=== Information provided ===

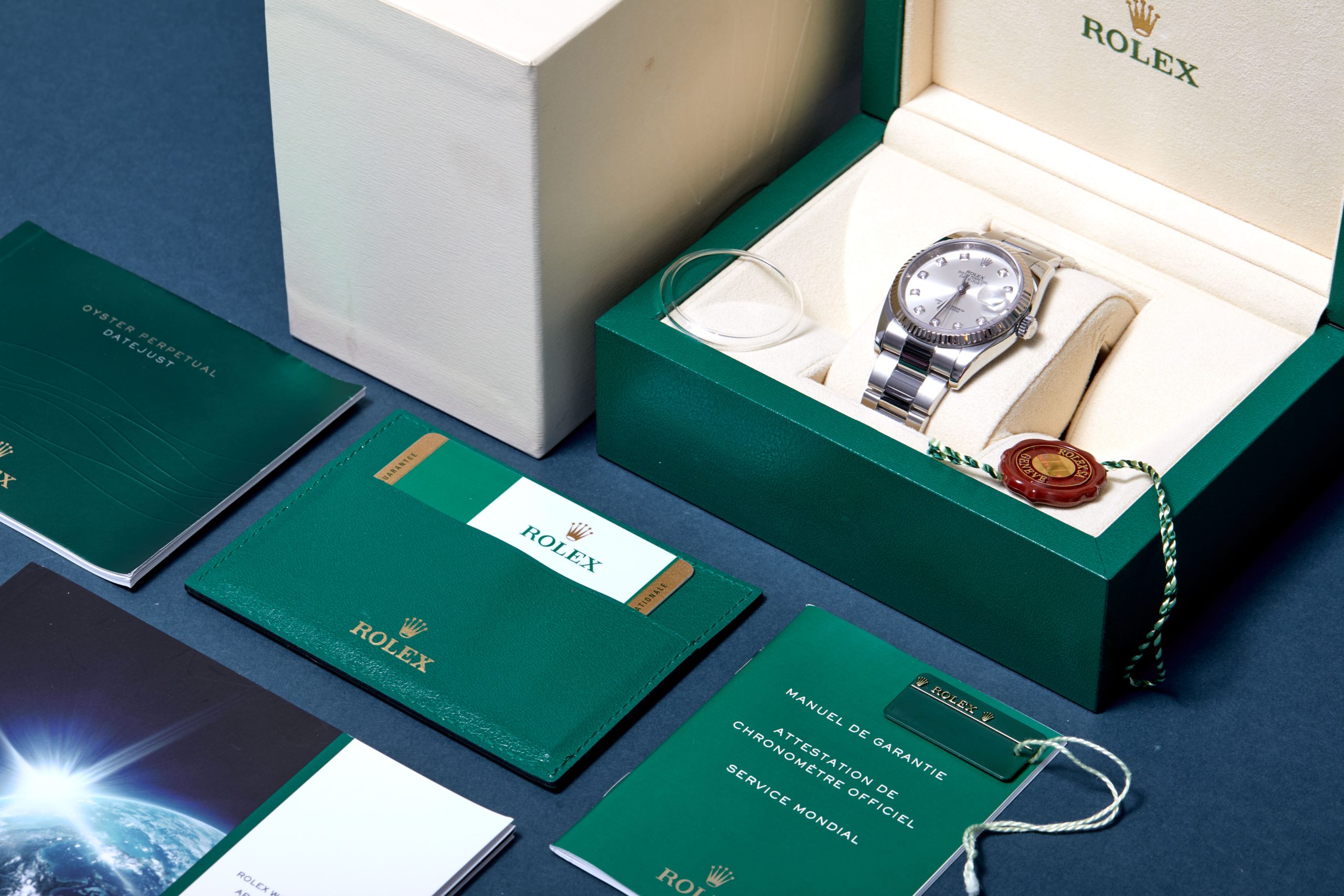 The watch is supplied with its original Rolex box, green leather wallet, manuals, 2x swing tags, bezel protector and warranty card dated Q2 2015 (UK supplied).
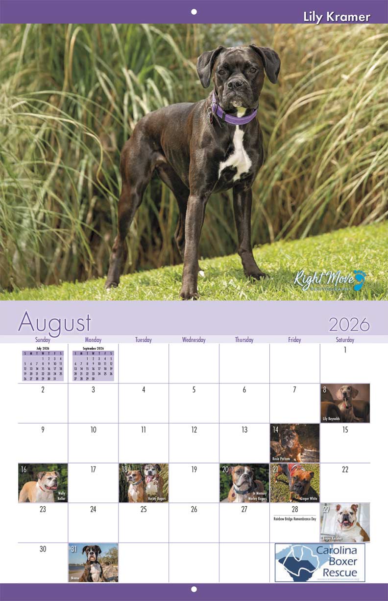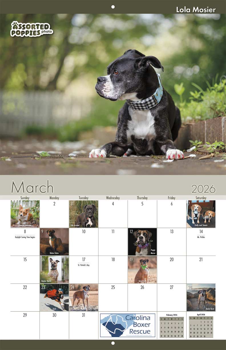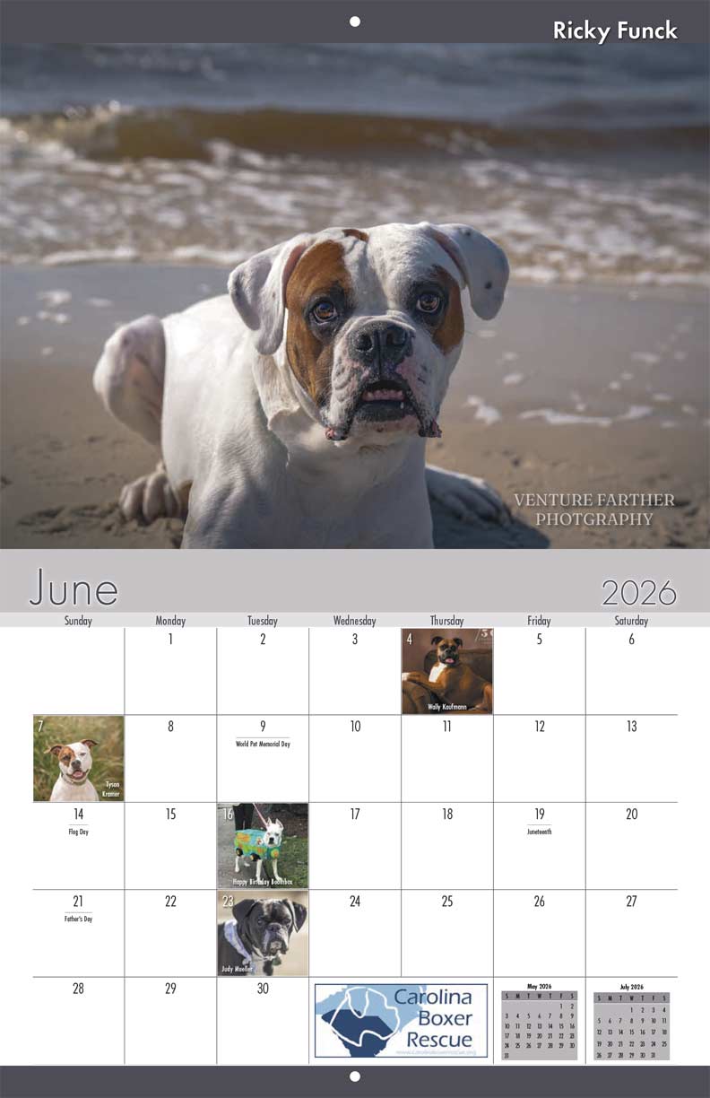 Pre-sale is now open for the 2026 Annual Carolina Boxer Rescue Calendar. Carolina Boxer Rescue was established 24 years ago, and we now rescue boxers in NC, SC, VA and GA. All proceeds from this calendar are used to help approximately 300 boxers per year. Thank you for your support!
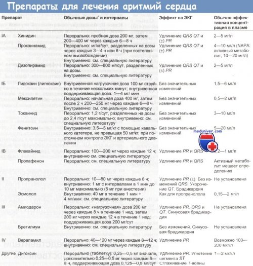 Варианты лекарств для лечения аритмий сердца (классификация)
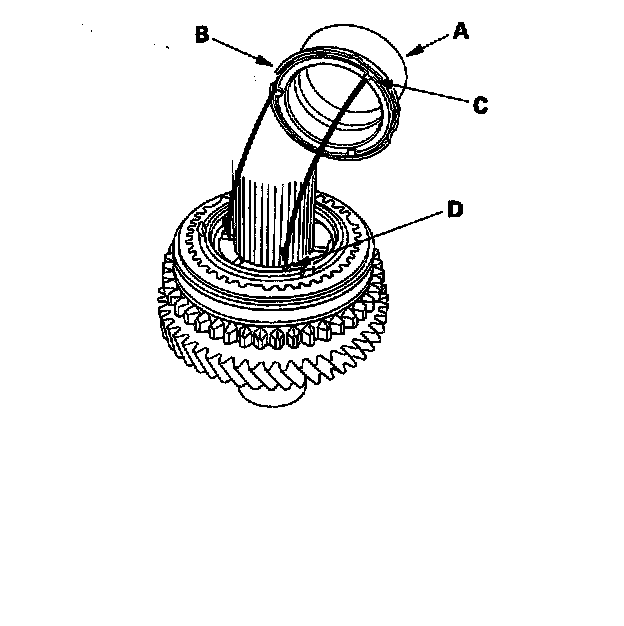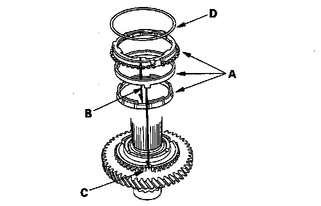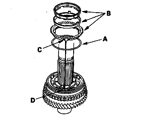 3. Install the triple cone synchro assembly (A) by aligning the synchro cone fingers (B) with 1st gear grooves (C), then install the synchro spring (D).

===

** Exercise aim **
All of the lines above must be printed again exactly, and no picture may appear in the copy.

** Your response **
 The watch is supplied with its original Rolex box, green leather wallet, manuals, 2x swing tags, bezel protector and warranty card dated Q2 2015 (UK supplied).
 Pre-sale is now open for the 2026 Annual Carolina Boxer Rescue Calendar. Carolina Boxer Rescue was established 24 years ago, and we now rescue boxers in NC, SC, VA and GA. All proceeds from this calendar are used to help approximately 300 boxers per year. Thank you for your support!
 Варианты лекарств для лечения аритмий сердца (классификация)
 3. Install the triple cone synchro assembly (A) by aligning the synchro cone fingers (B) with 1st gear grooves (C), then install the synchro spring (D).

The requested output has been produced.